Saturday, January 19, 2008

Send Me To Jail


I have this great idea about a new art residency. I've had this idea for a couple of years and I'm missing one piece of the puzzle to make it happen. Just incase you're not familiar with what an "art residency" is, this is it in a nutshell: you go away to some secluded, hopefully utopian-like local with groups of other kinds of artists to do nothing but make art, think, make some more art, get drunk, pass out and do it all over again anywhere from 1 to 3 months. I've been to a few. The best ones generally have the best food - oh yeah, they cook for you! Housing varies on the residency. At one residency I was in a little bungalo (that is spelled wrong but let us pretend I spelled it right) at another I had a room in a giant mansion. The studios range too. At one residency I had a studio in an old school house - which I loved. Some residencies are really fancy and some are survival of the fittest. Allies are formed, couples couple-up and secrets are shared. Days feel like weeks but somehow it all ends too fast and then you're back to the real world... and it sucks. You become close to people so quickly that it feels like you've known them for years - sort of intense. All this and making art is a lot of fun. Unfortunately the prestigious residencies are difficult to get in to. One of them I've applied to 4 times with no luck.
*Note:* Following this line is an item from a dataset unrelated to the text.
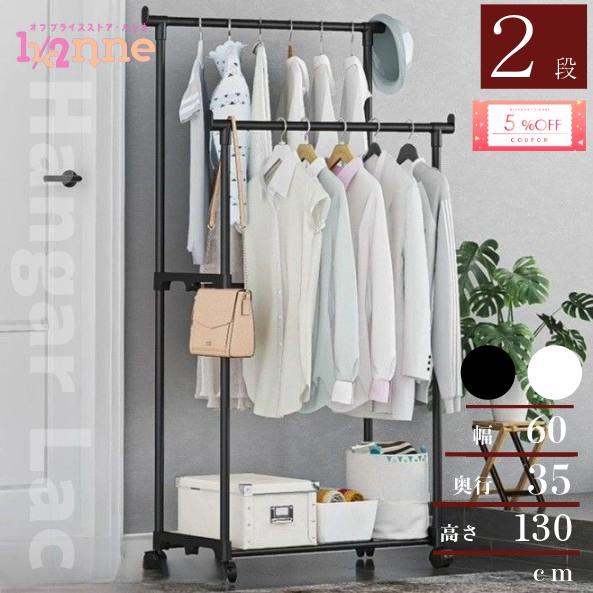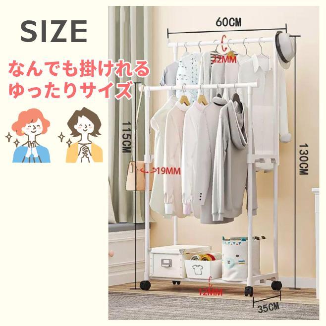 | 【130cm ロングサイス ダブルハンガーラック】 | 横60cm × 縦35cm × 高さ130cm の大容量、ロングサイス、ダブルハンガーラック。 パイプ式なので、組み立ても簡単で女性の方でもらくらく組み立てできます。 2段目がズボン掛けとしても使いやすい高さになっています。 |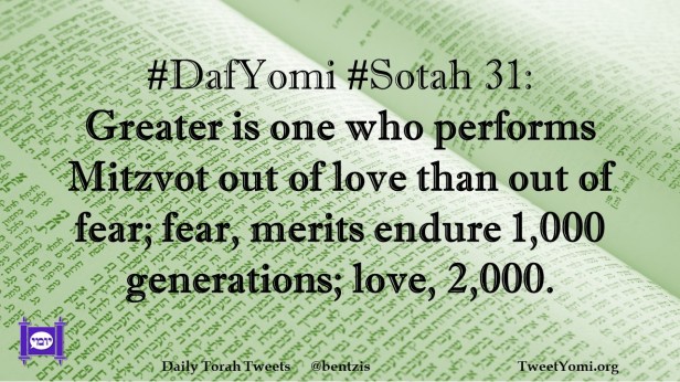 DafYomi, Sotah #DafYomi #Sotah 31 Date: April 30, 2023Author: netanelspitz #DafYomi #Sotah 31: Greater is one who performs Mitzvot out of love than out of fear; fear, merits endure 1,000 generations; love, 2,000. Share this: Share on X (Opens in new window) X Share on Facebook (Opens in new window) Facebook Like Loading... Related

My great idea for a new art residency is not prestigious - its JAIL.
I want to go to prison to make art for a year. If you're thinking I'm nuts well go ahead. Friends I've told this to have already dime-store psychoanalyzed my reasoning. Honestly though, I just want to go somewhere and completely use every bit of idle time to draw (and if they let me - a little light collaging and painting).
I'll be completely taken care of too. I've earned that by paying my taxes for 16 years.
Okay, I know there might be some drawbacks: rape, bad food, cement floors, lights out time, mak'n doody in my own cell.
I've thought all that through. I went to school my whole life until college in West Philly public school. I was fine!
I make friends easily, I'm not threatening and I can draw pictures for people. I could even give tattoos!
My missing piece to this puzzle is what and how to commit the perfect crime to get me in jail for one year.
The judge and jury are not likely to throw me in jail. I have no prior record, I'm a tax paying college educated (almost) middle class white guy. Most likely they will want to fine me, give me like a thousand hours of community service and I'll have to appear in court multiple times. That is exactly what I do not want! Whatever crime I commit I'll have to plead the perfect case.
If the jury is confused about my intentions I'll bring some digital images of my work and a projector and make my lawyer allow me to give a presentation. It will be good practice for future artists' lectures I'll give.
Ultimately though, I need to figure out the perfect crime to commit.

5 comments:

soapy t said...

i just want to go to jail for free health insurance.

jay said...

unlubricated anal rape?

Anonymous said...

I will send you to jail if you promise to purse your lips like that the whole time. Even when you talk and eat.

Aaron Wexler said...

I think I'd have to fashion some sort of dental prompter device to keep that purse on.
I'd only be able to eat with a straw which is really funny to imagine. I'd be the guy who needs all his food put in to a blender. I have a feeling I'd be "that guy" about a lot of things. Hopefully not what Justin has in mind.

inkysocks said...

i was watching COPS (maybe i was, maybe i wasn't) the other night and i saw a guy confiscate a letter written on an entire roll of toilet paper. the guy had snuck (sneaked might be more proper?) in a pencil and wrote a love letter to his sweetie. but aaron--pencils and pens are CONTRABAND. i hate to throw a wrench in your plan. but according to the show i saw, you will have to make do with toilet paper, no pens and pencils. but there are people who use m&m's from the canteen to make dyes. prison is the mother of invention? p.s. the cop confiscated the toilet paper roll! i was so mad.